Kent Zhang says he's complained about cars with parking placards taking up the spaces near his Mulberry Street restaurant for years.

"Distributors, restaurant suppliers, they deliver the things we need" said Zhang of Bodhi Restaurant. "They couldn't get into the street."

Now Mayor de Blasio says the city is expanding a crackdown on the use of phony placards and the misuse use of government issued parking placards outside of official business and he's issuing a warning to anyone who thinks a placard is a free parking pass.

"Right away Department of Transportation will be adding traffic enforcement agents" said de Blasio, "right away we will be working with the state to quintuple existing fines so that folks who violate the law will suffer the consequences."

The mayor says paper placards will be phased out by 2021 in favor of a digital system that will rely on scannable license plates and stickers.

"They'll be placed in the windows so you cannot transfer them from one car to another which is a big part of the placard abuse."

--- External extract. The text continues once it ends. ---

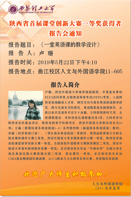 陕西省首届课堂教学创新大赛一等奖获得者卢珊报告会
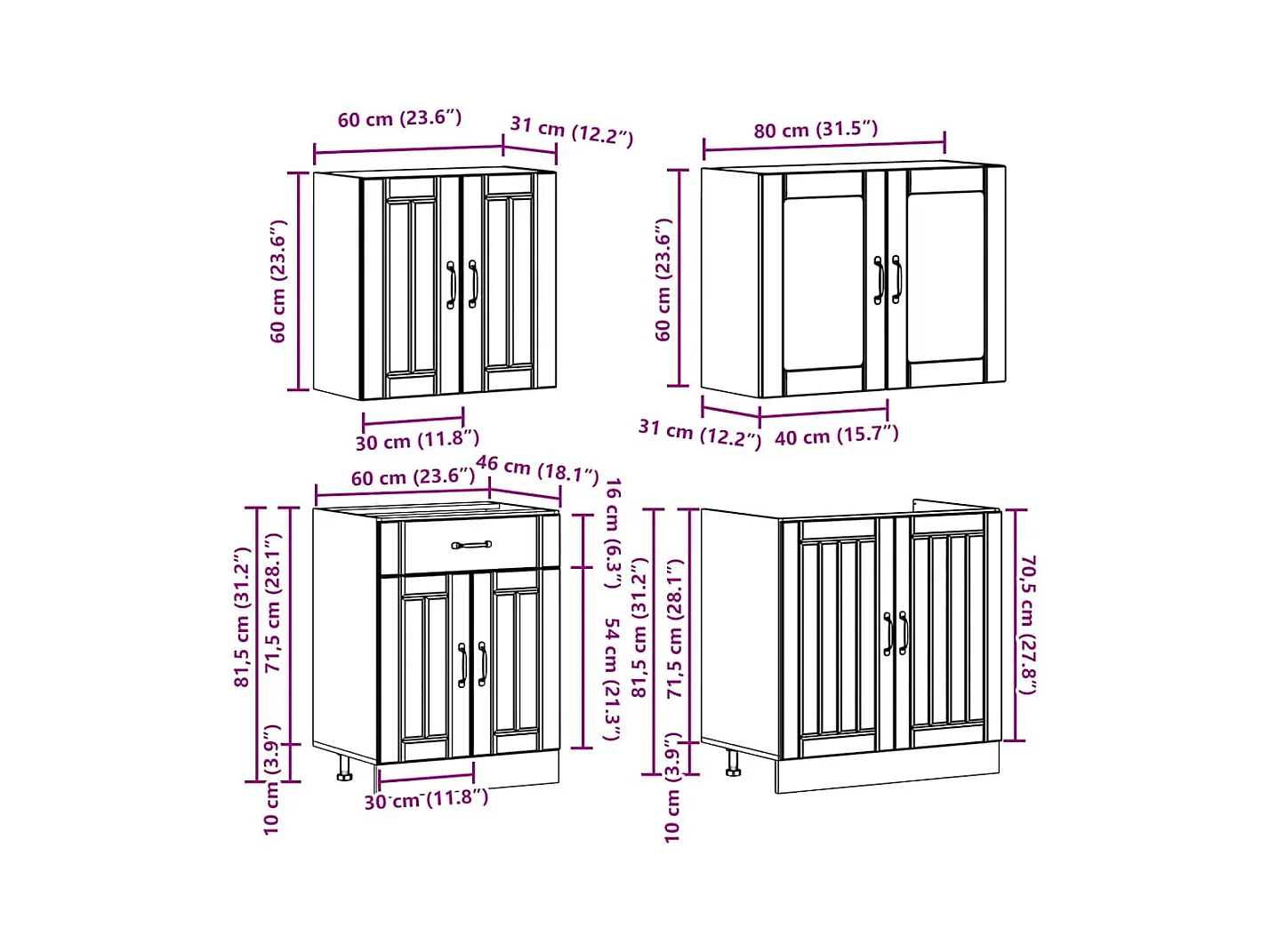 Ensemble d'armoires de cuisine 4 pcs Kalmar bois d'ingénierie

Officials also say workers will be held accountable.

"If a placard is misused three times it will be revoked forever," said Laura Anglin, Deputy Mayor of Operations.

It's welcome change to business owners like Zhang who says he's faced complaints from customers and extra labor fees from delivery services forced to park blocks away from his restaurant.

"I been in Chinatown for 15 years already so this problem happens always," said Zhang.

Officials say this is an expansion of a crackdown that started in 2017 and resulted in a 93 percent increase in summonses for illegal parking.